Work required
Scan the listing beneath this sentence. Report each line with the word "gold".
==== Input
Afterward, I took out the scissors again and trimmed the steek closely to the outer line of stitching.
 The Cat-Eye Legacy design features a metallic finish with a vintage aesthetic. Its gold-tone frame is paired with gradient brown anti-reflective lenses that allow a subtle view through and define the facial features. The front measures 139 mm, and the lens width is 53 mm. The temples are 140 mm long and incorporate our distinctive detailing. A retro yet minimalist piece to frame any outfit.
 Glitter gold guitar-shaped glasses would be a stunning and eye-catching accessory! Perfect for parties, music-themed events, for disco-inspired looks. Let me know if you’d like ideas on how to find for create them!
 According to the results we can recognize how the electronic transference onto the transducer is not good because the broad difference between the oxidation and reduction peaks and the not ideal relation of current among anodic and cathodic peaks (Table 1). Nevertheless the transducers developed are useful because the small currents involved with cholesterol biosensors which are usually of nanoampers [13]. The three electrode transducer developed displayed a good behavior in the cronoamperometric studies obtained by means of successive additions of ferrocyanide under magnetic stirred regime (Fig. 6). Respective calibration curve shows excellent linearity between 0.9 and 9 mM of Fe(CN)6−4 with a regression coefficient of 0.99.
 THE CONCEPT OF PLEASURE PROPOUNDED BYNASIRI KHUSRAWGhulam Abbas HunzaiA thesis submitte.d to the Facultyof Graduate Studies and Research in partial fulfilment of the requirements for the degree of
========
==== Input
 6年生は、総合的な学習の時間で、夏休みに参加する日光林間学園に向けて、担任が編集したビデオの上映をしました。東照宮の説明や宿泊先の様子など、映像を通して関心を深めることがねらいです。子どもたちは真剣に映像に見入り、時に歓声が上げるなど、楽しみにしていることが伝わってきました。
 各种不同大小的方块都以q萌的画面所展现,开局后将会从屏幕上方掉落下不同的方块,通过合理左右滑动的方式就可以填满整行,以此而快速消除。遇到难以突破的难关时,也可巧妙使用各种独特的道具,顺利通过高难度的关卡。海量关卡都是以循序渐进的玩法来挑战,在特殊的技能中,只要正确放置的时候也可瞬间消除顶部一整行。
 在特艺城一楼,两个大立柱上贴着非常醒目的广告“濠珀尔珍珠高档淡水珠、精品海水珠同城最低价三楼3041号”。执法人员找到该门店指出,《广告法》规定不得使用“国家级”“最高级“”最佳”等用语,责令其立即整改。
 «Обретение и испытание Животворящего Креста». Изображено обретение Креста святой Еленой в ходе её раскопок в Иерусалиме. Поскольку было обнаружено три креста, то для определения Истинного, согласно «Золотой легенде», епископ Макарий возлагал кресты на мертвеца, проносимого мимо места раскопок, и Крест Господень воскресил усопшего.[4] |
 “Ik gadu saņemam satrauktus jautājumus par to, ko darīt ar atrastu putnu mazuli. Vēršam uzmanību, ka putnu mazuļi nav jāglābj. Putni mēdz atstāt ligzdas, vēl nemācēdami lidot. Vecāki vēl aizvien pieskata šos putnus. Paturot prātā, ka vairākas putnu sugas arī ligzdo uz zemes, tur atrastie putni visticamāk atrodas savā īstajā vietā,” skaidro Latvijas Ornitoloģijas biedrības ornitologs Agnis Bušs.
========
Task answer
 The Cat-Eye Legacy design features a metallic finish with a vintage aesthetic. Its gold-tone frame is paired with gradient brown anti-reflective lenses that allow a subtle view through and define the facial features. The front measures 139 mm, and the lens width is 53 mm. The temples are 140 mm long and incorporate our distinctive detailing. A retro yet minimalist piece to frame any outfit.
 Glitter gold guitar-shaped glasses would be a stunning and eye-catching accessory! Perfect for parties, music-themed events, for disco-inspired looks. Let me know if you’d like ideas on how to find for create them!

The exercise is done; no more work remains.